There is a puzzling paragraph in the latest issue of The Economist. Well actually there’s a lot of puzzling paragraphs in the latest Economist, but the one I’m talking about is not in the finance or economics sections. And it is puzzling not so much because of what it says, but because of what it leaves out. Here it is in full. It appears in an article on the effect of climate change on developing countries.
This kind of increasing unpredictability would be dire news at the best of times: hit by drought and flood, the land becomes less productive. It is compounded by another problem. The higher-yielding, pest-resistant seed varieties invented in the 1960s were designed to thrive in stable climes. Old-fashioned seeds are actually better at dealing with variable weather—but are now less widely used. Reinstituting their use will mean less food.
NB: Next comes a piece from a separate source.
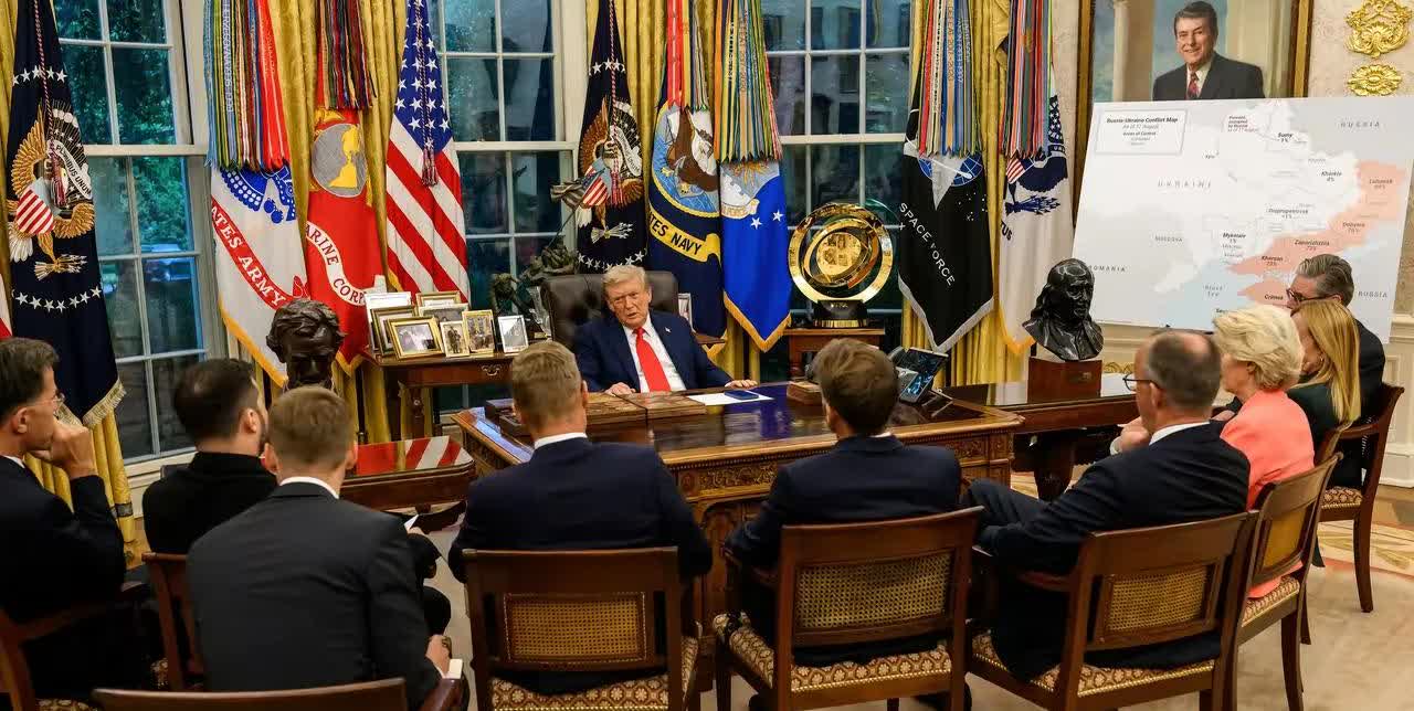 川普和一群小弟开会 特首领在训话,国务卿卢比奥只有站着的份。 欧盟把自己看得过高了,结果就是给美国提鞋的。美国告诉你了,你照做就是了!
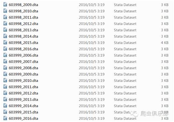 到这里,我们终于拿下了所有股票代码,并且正如江财付童鞋想要的那样,按照stkcd(股票代码)和year(年份)拆分、分别保存,并命名为“股票代码_年份”,我们截取一小块儿如下图(图5、图6):

What follows is a long paragraph which starts by saying that “[i]n India the gains from the Green Revolution are already shrinking because of local pollution, global warming and waning resistance to pests and disease…” and ends by quoting a World Bank study to the effect that because of climate change and population growth agricultural productivity will have to rise by 1.8% per annum for the foreseeable future. But there’s nothing in between, or indeed anywhere else in the article, about the importance of plant breeding in ensuring that increased productivity.
Now, many people see the value of moving landraces (or “old-fashioned seeds,” if you must) around, in particular from hot places to ones which are not so hot now but will soon be, for evaluation purposes — and more. And there may be some sense in which landraces are “better at dealing with variable weather” than modern varieties. But I don’t think anyone is seriously contemplating “reinstituting their use” on a massive scale in an effort to adapt agriculture to climate change.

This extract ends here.